Malaise par hypoglycémie : les non diabétiques aussi

hypoglycemie

On peut ne pas avoir de diabète et, malgré tout, faire une hypoglycémie, notamment en cas d’erreurs hygiéno-diététiques importantes et/ou dans un contexte particulier.

En temps normal, le taux de sucre dans le sang (glycémie) à jeun varie entre 0,70 et 1,10 g/l. Ce taux est régulé par la sécrétion d’une hormone produite par le pancréas : l’insuline. Les diabétiques sont de loin les premiers concernés par les hypoglycémies, néanmoins, les non diabétiques peuvent aussi en être victimes et, à la différence des premiers, ils ne savent pas forcément comment réagir.

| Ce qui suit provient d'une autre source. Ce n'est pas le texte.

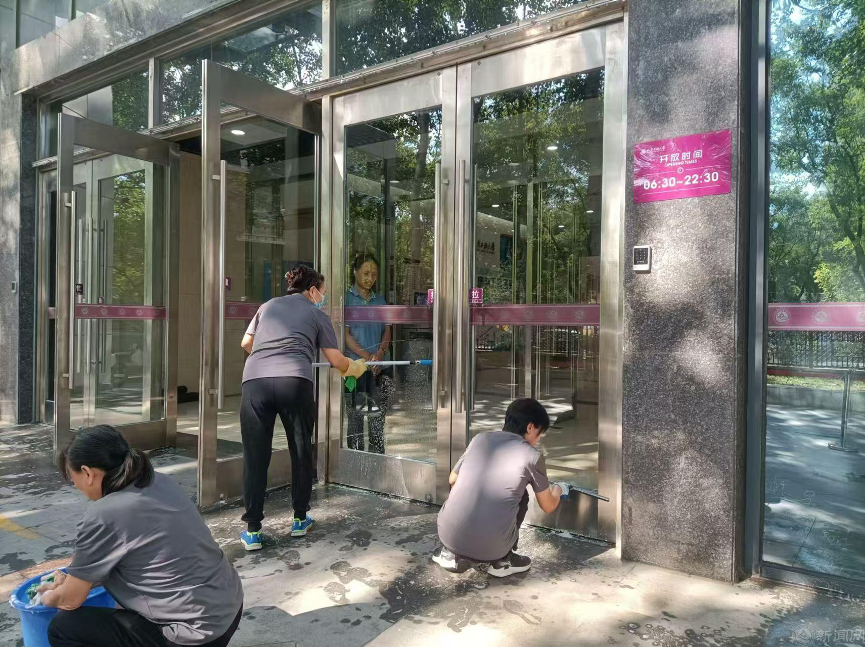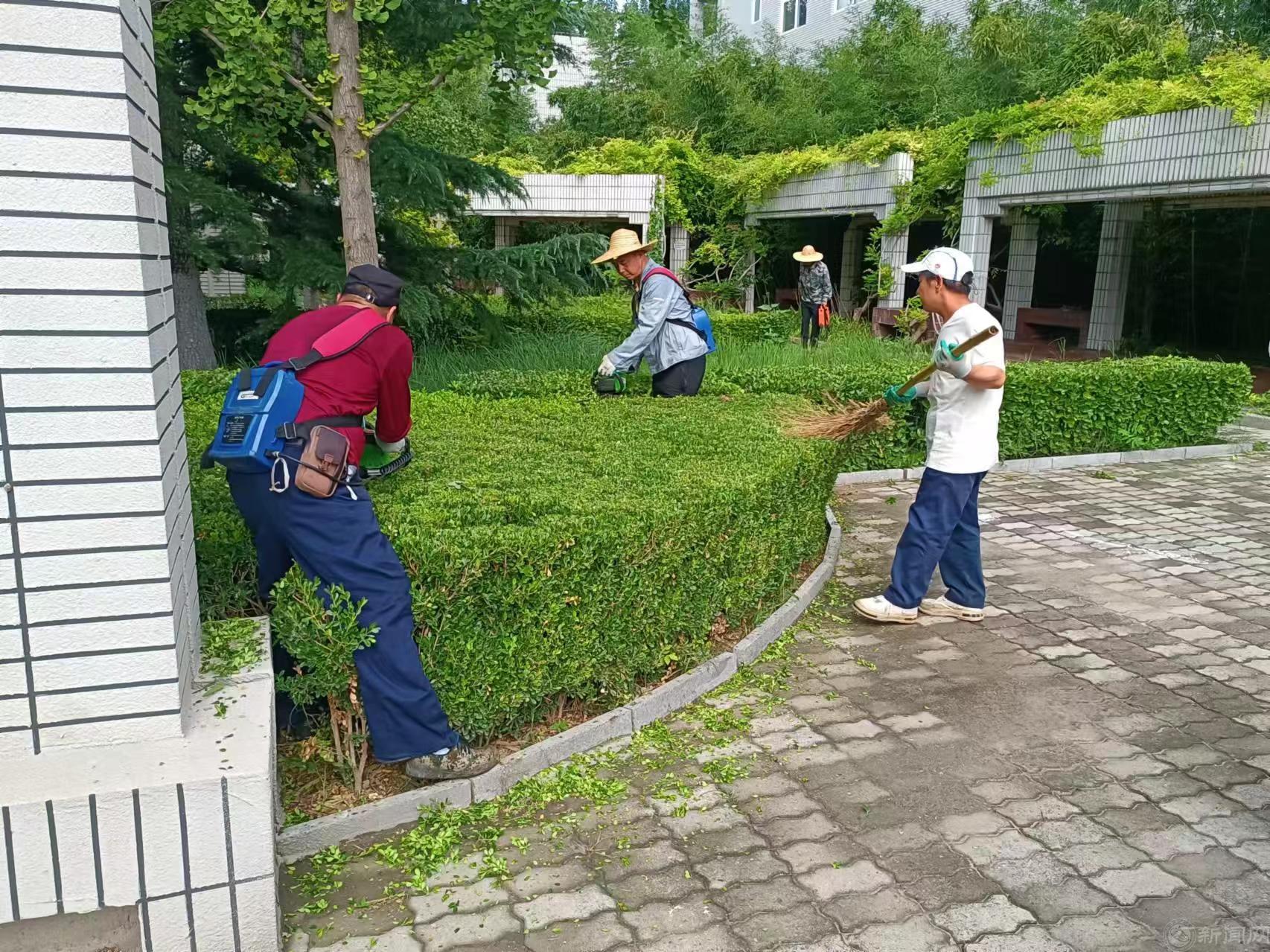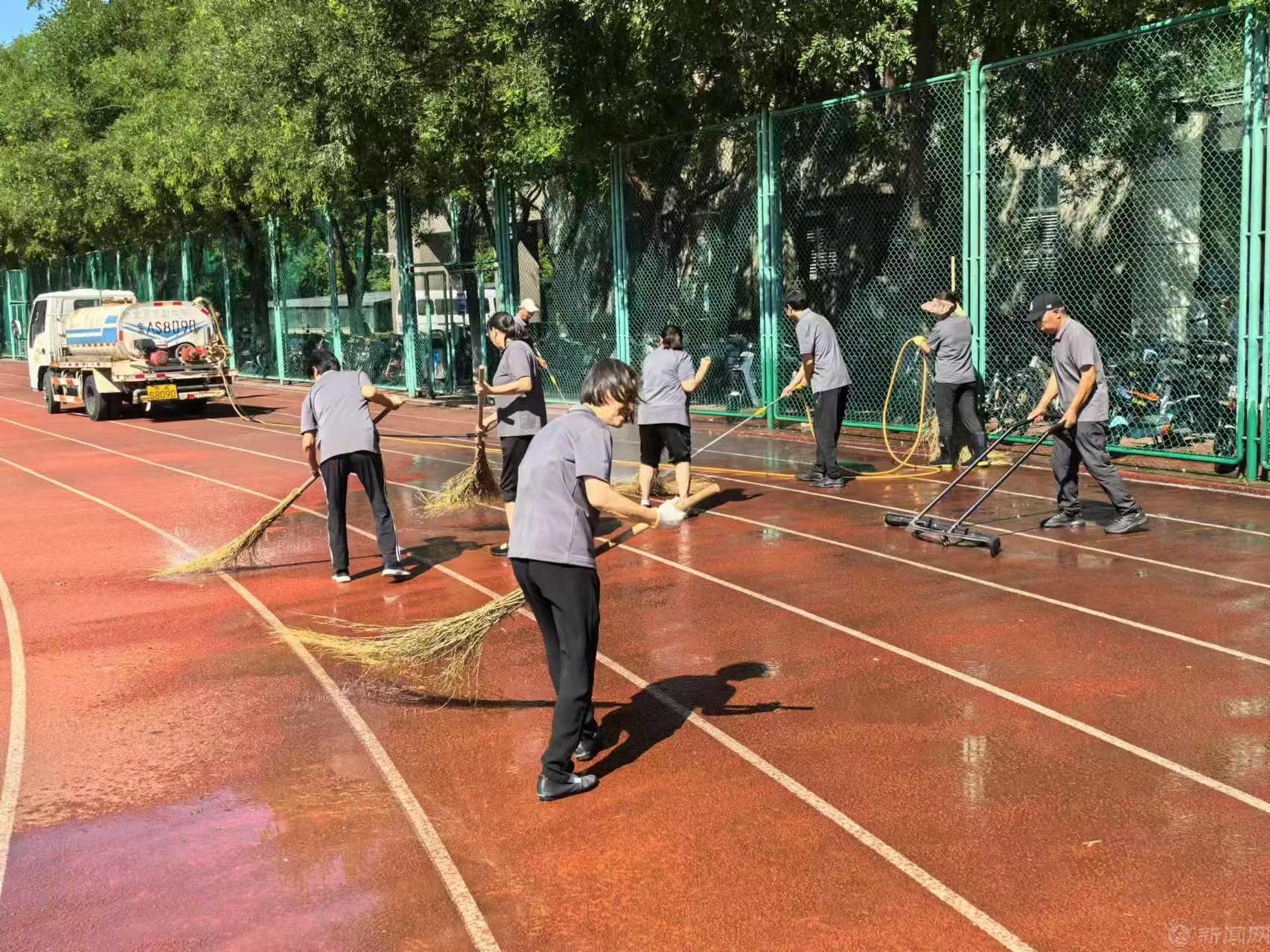 綠化班全體員工通力協(xié)作,更換敦品樓前花壇花卉600余株、校南門及旗桿處擺放花壇2個(gè)、中心花園月亮門處擺放花缽2個(gè),清除校內(nèi)雜草80000余平米、修剪草坪50000余平米、修剪綠籬6000余平米,打造校園小微景觀。保潔人員沖洗校園主干道、清理污跡,擦拭室內(nèi)外路牌、指示牌等公共設(shè)施,全范圍進(jìn)行衛(wèi)生消殺,營造干凈舒適、整潔美觀的校園環(huán)境。

Des erreurs fréquentes qui peuvent l’expliquer

Faire du sport en ayant sauté le petit déjeuner est une erreur courante. Une sensation de faiblesse démesurée par rapport à l’effort produit est un signe d’alerte. Autre situation à risque : un repas déséquilibré, beaucoup trop riche en sucreries (pain blanc, viennoiseries, boissons sucrées, etc.), qui fait grimper l’insuline dans un premier temps, puis entraîne une chute de la glycémie réactionnelle environ 2 à 4 heures plus tard (d’où un « coup de pompe » souvent à tort attribué à l’heure de la sieste). Dernier classique : les jeûnes et restrictions alimentaires mal pratiqués (trop vite, trop excessif), raison pour laquelle il est préférable de le faire en étant bien encadré et bien entouré. Idem avec certains régimes amincissants fantaisistes : s’ils sont carencés, ils sont voués à l’échec et exposent à ce type de problème.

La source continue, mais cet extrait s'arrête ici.